Available data –
· · · ·

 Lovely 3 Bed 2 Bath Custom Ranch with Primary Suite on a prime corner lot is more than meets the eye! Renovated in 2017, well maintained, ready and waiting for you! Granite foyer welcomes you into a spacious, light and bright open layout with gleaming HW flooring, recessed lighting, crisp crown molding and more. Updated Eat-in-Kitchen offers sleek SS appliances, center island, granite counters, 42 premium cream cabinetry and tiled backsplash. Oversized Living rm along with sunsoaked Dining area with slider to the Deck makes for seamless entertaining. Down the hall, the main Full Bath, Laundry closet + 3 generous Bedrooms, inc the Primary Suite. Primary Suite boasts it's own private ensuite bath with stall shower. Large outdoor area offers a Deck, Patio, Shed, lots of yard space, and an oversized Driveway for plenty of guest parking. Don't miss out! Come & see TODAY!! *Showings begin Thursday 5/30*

· · · ·

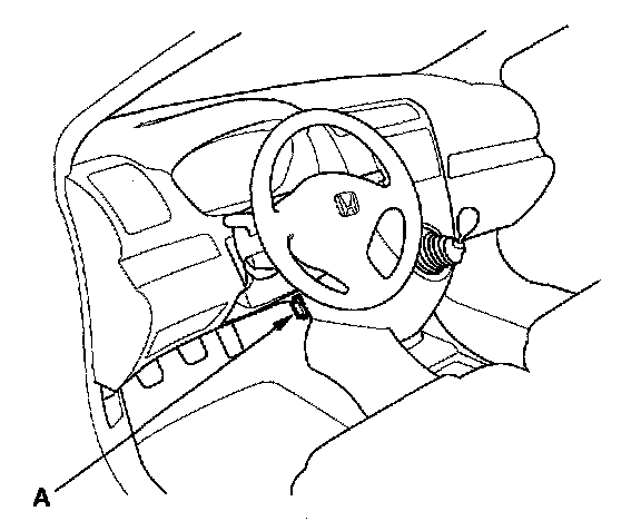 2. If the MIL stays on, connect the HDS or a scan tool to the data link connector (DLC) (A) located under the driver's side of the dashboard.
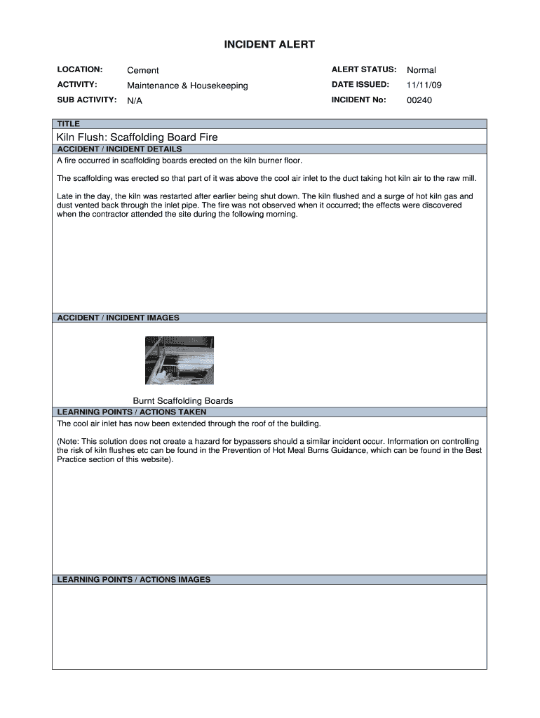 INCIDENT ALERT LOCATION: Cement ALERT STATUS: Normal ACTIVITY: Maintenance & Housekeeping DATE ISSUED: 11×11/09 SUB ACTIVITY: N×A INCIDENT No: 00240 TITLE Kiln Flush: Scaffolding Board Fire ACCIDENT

· · · ·

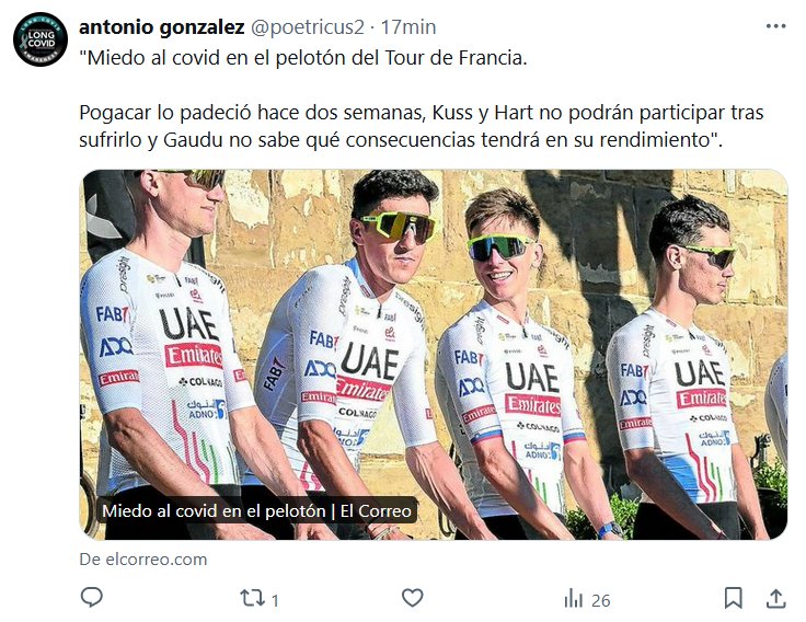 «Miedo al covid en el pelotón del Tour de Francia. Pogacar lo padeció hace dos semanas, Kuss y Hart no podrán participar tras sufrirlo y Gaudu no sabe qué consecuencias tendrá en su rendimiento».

· · · ·

Exercise instructions – Repeat, without pictures, exactly the lines of the data above from the one containing "2. If the MIL" through the one containing "INCIDENT ALERT LOCATION: Cement", including both and adding nothing.

Reply to the task –
 2. If the MIL stays on, connect the HDS or a scan tool to the data link connector (DLC) (A) located under the driver's side of the dashboard.
 INCIDENT ALERT LOCATION: Cement ALERT STATUS: Normal ACTIVITY: Maintenance & Housekeeping DATE ISSUED: 11×11/09 SUB ACTIVITY: N×A INCIDENT No: 00240 TITLE Kiln Flush: Scaffolding Board Fire ACCIDENT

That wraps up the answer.